━━━━━ Given material

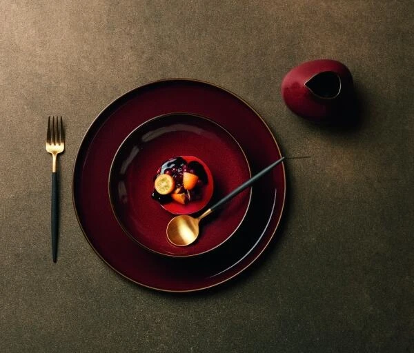 Der ASA Dessertteller der Serie Kolibri ist aus einem dunklen, herbstlichen Rot, genannt rusty red. Der Porzellan-Teller besticht durch ein zeitloses Design. Er eignet sich ideal für das Servieren von Nachspeisen und Desserts aller Art, aber auch Vorspeisen kommen auf diesem edlen Teller passend zur Geltung. Der Dessertteller wird selbst zum dekorativen Element und vollendet somit jede gedeckte Tafel.
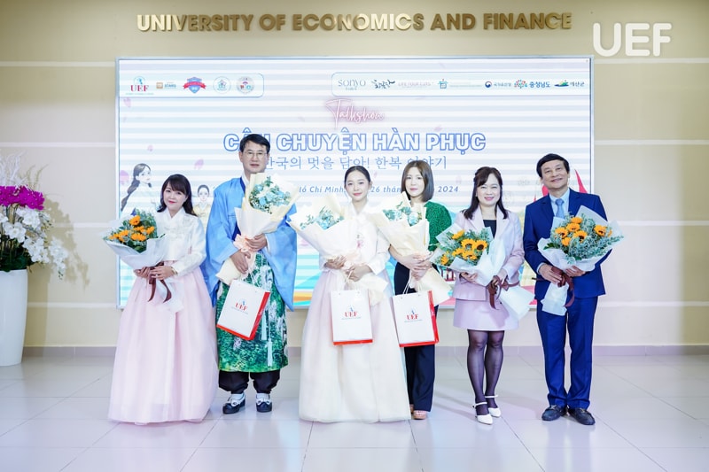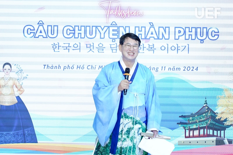 Chiều ngày 26/11, ngành Ngôn ngữ Hàn Quốc, Khoa Ngôn ngữ và Văn hóa quốc tế UEF đã mang đến một hành trình khám phá đầy thú vị với talkshow “Câu chuyện Hàn phục” và chương trình biểu diễn “Hanbok Fashion Show”. Sự kiện đã mở ra không gian giao lưu văn hóa đặc sắc, giúp sinh viên hiểu rõ hơn về vẻ ngoài đẹp đẽ của Hanbok và những giá trị tinh thần sâu sắc mà trang phục này đại diện.
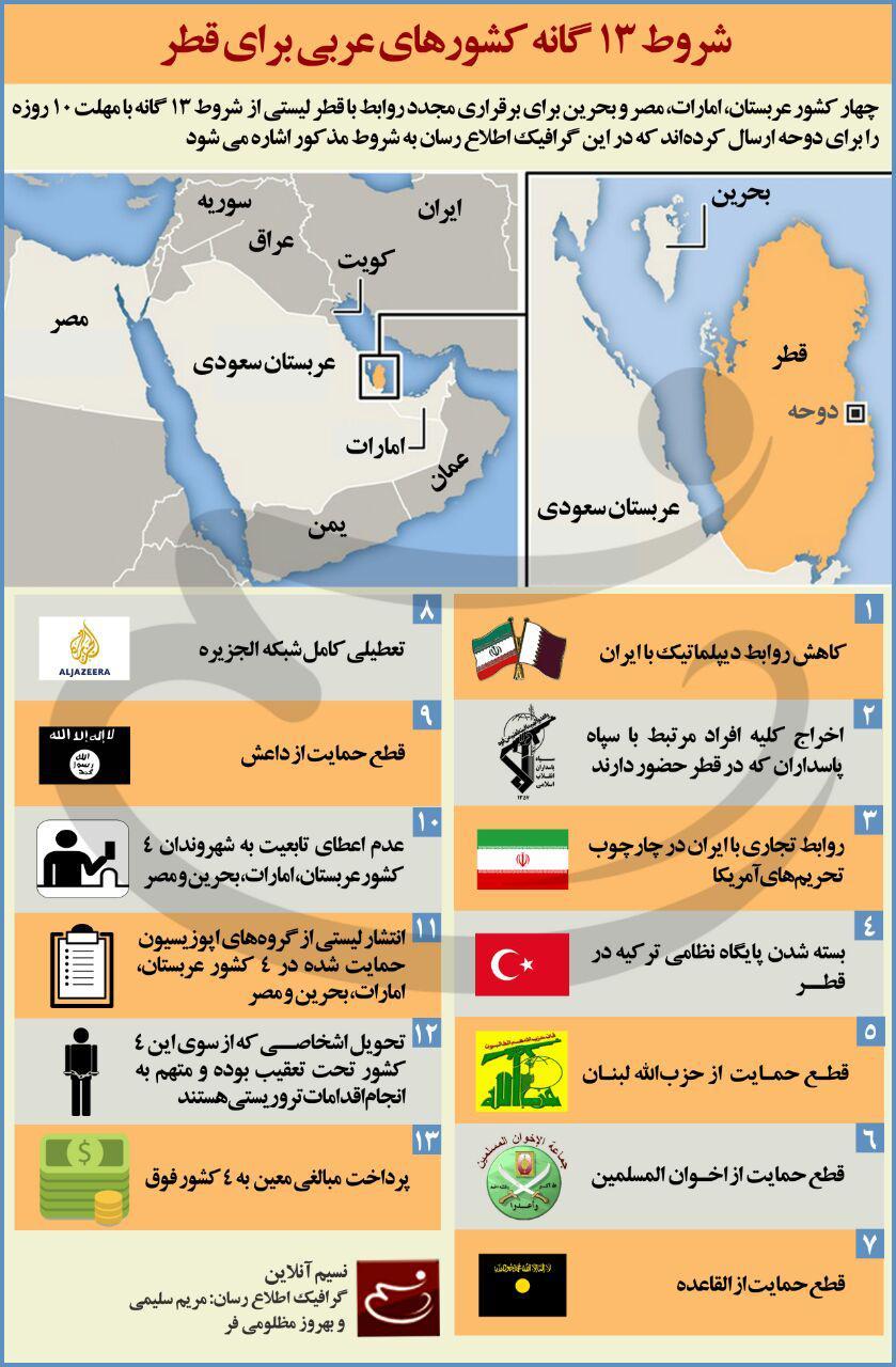 اینفوگرافیک: شروط ۱۳گانه کشورهای عربی برای قطر

━━━━━━━━━━

First drop every picture, then print the data above exactly as it stands.

 Der ASA Dessertteller der Serie Kolibri ist aus einem dunklen, herbstlichen Rot, genannt rusty red. Der Porzellan-Teller besticht durch ein zeitloses Design. Er eignet sich ideal für das Servieren von Nachspeisen und Desserts aller Art, aber auch Vorspeisen kommen auf diesem edlen Teller passend zur Geltung. Der Dessertteller wird selbst zum dekorativen Element und vollendet somit jede gedeckte Tafel.
 Chiều ngày 26/11, ngành Ngôn ngữ Hàn Quốc, Khoa Ngôn ngữ và Văn hóa quốc tế UEF đã mang đến một hành trình khám phá đầy thú vị với talkshow “Câu chuyện Hàn phục” và chương trình biểu diễn “Hanbok Fashion Show”. Sự kiện đã mở ra không gian giao lưu văn hóa đặc sắc, giúp sinh viên hiểu rõ hơn về vẻ ngoài đẹp đẽ của Hanbok và những giá trị tinh thần sâu sắc mà trang phục này đại diện.
 اینفوگرافیک: شروط ۱۳گانه کشورهای عربی برای قطر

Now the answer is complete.